-- SUPPLIED MATERIAL follows --

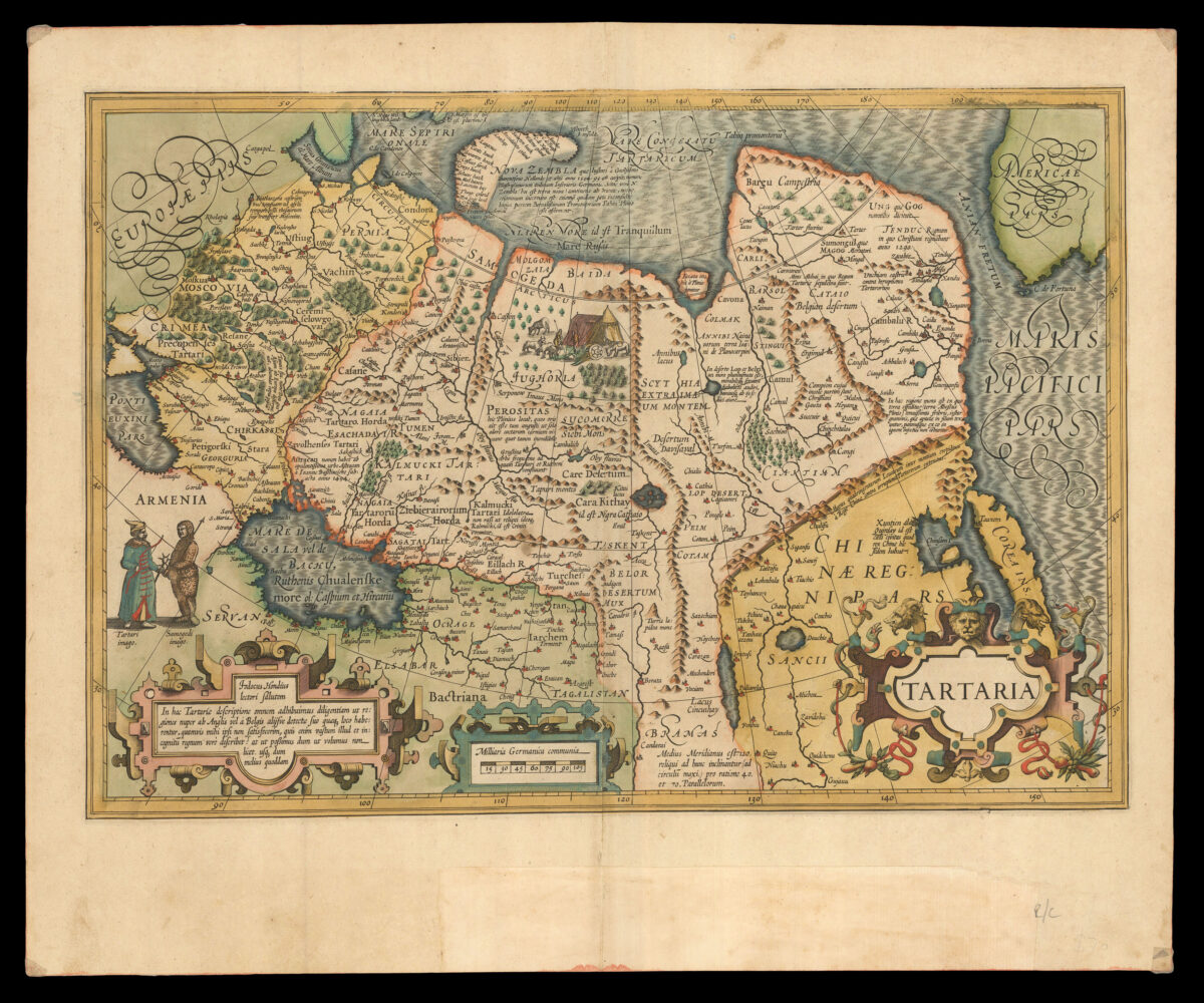 Ostensibly, a map of Tartary, or the Realms of the Great Khan, based on Abraham Ortelius's map of 1570, the map records the dramatic change in economic and national dynamics that came over a century, from the traditional use of the Silk Road to convey goods from Cathay and the East to opening of a sea route via South Africa in 1498 to bypass Islamic / Italian control of the traditional routes. The Portuguese directly controlled this route to India and, through a series of f...
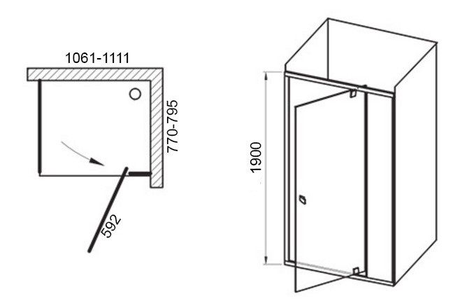 Душевой уголок Ravak PDOP2-110 + PPS-80 профиль сатин
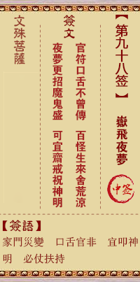 诗文解译:官符口舌不曾传→既没有官司,也没有口舌之争。百怪生来舍荒凉→但却怪事频发生。夜梦更招魔鬼盛→睡觉中还有鬼怪的恶梦。可宜斋戒祝神明→可以持守界斋戒和求拜天神以得保佑。
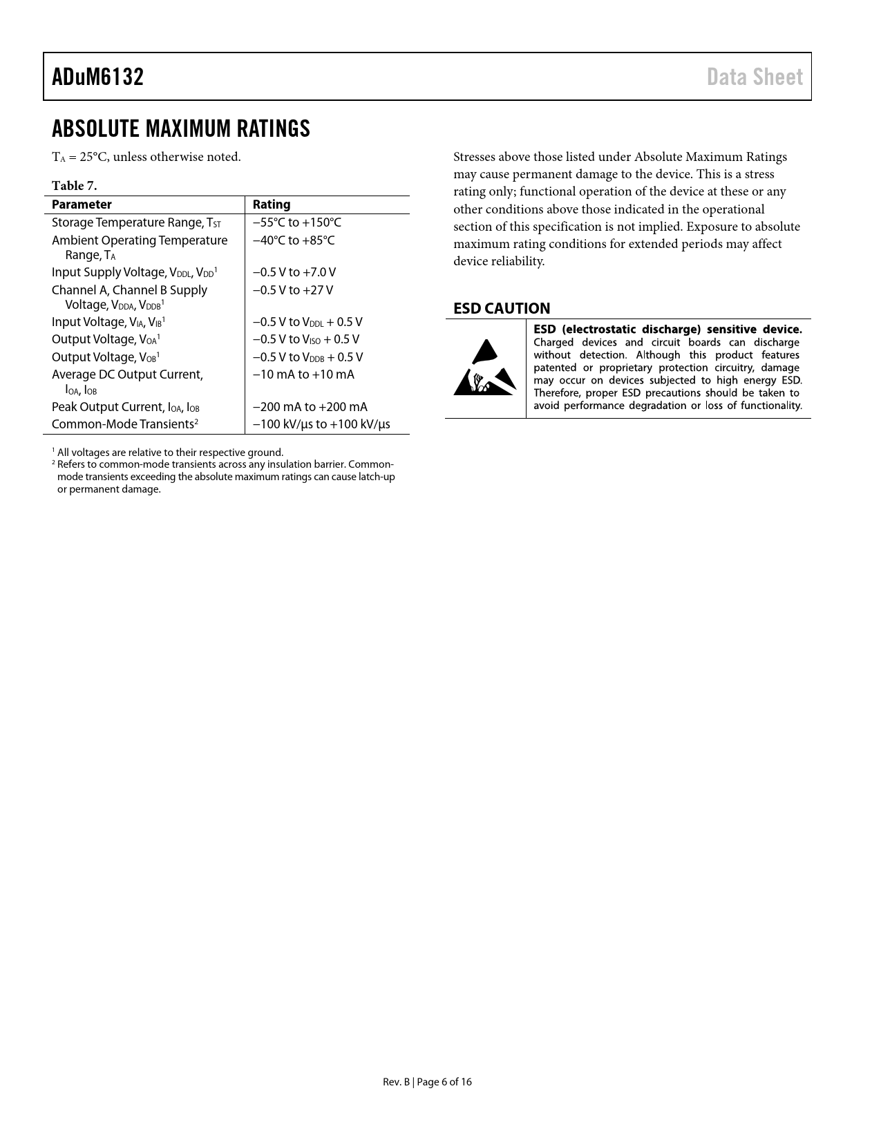 link to page 6 link to page 6 link to page 6 link to page 6 link to page 6 link to page 6 ADuM6132Data SheetABSOLUTE MAXIMUM RATINGS TA = 25°C, unless otherwise noted. Stresses above those listed under Absolute Maximum Ratings may cause permanent damage to the device. This is a stress Table 7. rating only; functional operation of the device at these or any ParameterRating other conditions above those indicated in the operational Storage Temperature Range, TST −55°C to +150°C section of this specification is not implied. Exposure to absolute Ambient Operating Temperature −40°C to +85°C maximum rating conditions for extended periods may affect Range, TA device reliability. Input Supply Voltage, V 1 DDL, VDD −0.5 V to +7.0 V Channel A, Channel B Supply −0.5 V to +27 V Voltage, V 1 DDA, VDDB ESD CAUTION Input Voltage, V 1 IA, VIB −0.5 V to VDDL + 0.5 V Output Voltage, V 1 OA −0.5 V to VISO + 0.5 V Output Voltage, V 1 OB −0.5 V to VDDB + 0.5 V Average DC Output Current, −10 mA to +10 mA IOA, IOB Peak Output Current, IOA, IOB −200 mA to +200 mA Common-Mode Transients2 −100 kV/µs to +100 kV/µs 1 All voltages are relative to their respective ground. 2 Refers to common-mode transients across any insulation barrier. Common- mode transients exceeding the absolute maximum ratings can cause latch-up or permanent damage. Rev. B | Page 6 of 16 Document Outline Features Applications General Description Functional Block Diagram Table of Contents Revision History Specifications Electrical Characteristics Package Characteristics Regulatory Information Insulation and Safety-Related Specifications DIN V VDE V 0884-10 (VDE V 0884-10) Insulation Characteristics Recommended Operation Conditions Absolute Maximum Values ESD Caution Pin Configuration and Function Descriptions Typical Performance Characteristics Terminology Applications Information Typical Application Usage PCB Layout Thermal Analysis Undervoltage Lockout Propagation Delay-Related Parameters Magnetic Field Immunity Insulation Lifetime Outline Dimensions Ordering Guide

-- SUPPLIED MATERIAL concluded --

§ **REQUIRED WORK**: Retype the lines above exactly, no pictures.

§ **WRITTEN REPLY**:
 Ostensibly, a map of Tartary, or the Realms of the Great Khan, based on Abraham Ortelius's map of 1570, the map records the dramatic change in economic and national dynamics that came over a century, from the traditional use of the Silk Road to convey goods from Cathay and the East to opening of a sea route via South Africa in 1498 to bypass Islamic / Italian control of the traditional routes. The Portuguese directly controlled this route to India and, through a series of f...
 Душевой уголок Ravak PDOP2-110 + PPS-80 профиль сатин
 诗文解译:官符口舌不曾传→既没有官司,也没有口舌之争。百怪生来舍荒凉→但却怪事频发生。夜梦更招魔鬼盛→睡觉中还有鬼怪的恶梦。可宜斋戒祝神明→可以持守界斋戒和求拜天神以得保佑。
 link to page 6 link to page 6 link to page 6 link to page 6 link to page 6 link to page 6 ADuM6132Data SheetABSOLUTE MAXIMUM RATINGS TA = 25°C, unless otherwise noted. Stresses above those listed under Absolute Maximum Ratings may cause permanent damage to the device. This is a stress Table 7. rating only; functional operation of the device at these or any ParameterRating other conditions above those indicated in the operational Storage Temperature Range, TST −55°C to +150°C section of this specification is not implied. Exposure to absolute Ambient Operating Temperature −40°C to +85°C maximum rating conditions for extended periods may affect Range, TA device reliability. Input Supply Voltage, V 1 DDL, VDD −0.5 V to +7.0 V Channel A, Channel B Supply −0.5 V to +27 V Voltage, V 1 DDA, VDDB ESD CAUTION Input Voltage, V 1 IA, VIB −0.5 V to VDDL + 0.5 V Output Voltage, V 1 OA −0.5 V to VISO + 0.5 V Output Voltage, V 1 OB −0.5 V to VDDB + 0.5 V Average DC Output Current, −10 mA to +10 mA IOA, IOB Peak Output Current, IOA, IOB −200 mA to +200 mA Common-Mode Transients2 −100 kV/µs to +100 kV/µs 1 All voltages are relative to their respective ground. 2 Refers to common-mode transients across any insulation barrier. Common- mode transients exceeding the absolute maximum ratings can cause latch-up or permanent damage. Rev. B | Page 6 of 16 Document Outline Features Applications General Description Functional Block Diagram Table of Contents Revision History Specifications Electrical Characteristics Package Characteristics Regulatory Information Insulation and Safety-Related Specifications DIN V VDE V 0884-10 (VDE V 0884-10) Insulation Characteristics Recommended Operation Conditions Absolute Maximum Values ESD Caution Pin Configuration and Function Descriptions Typical Performance Characteristics Terminology Applications Information Typical Application Usage PCB Layout Thermal Analysis Undervoltage Lockout Propagation Delay-Related Parameters Magnetic Field Immunity Insulation Lifetime Outline Dimensions Ordering Guide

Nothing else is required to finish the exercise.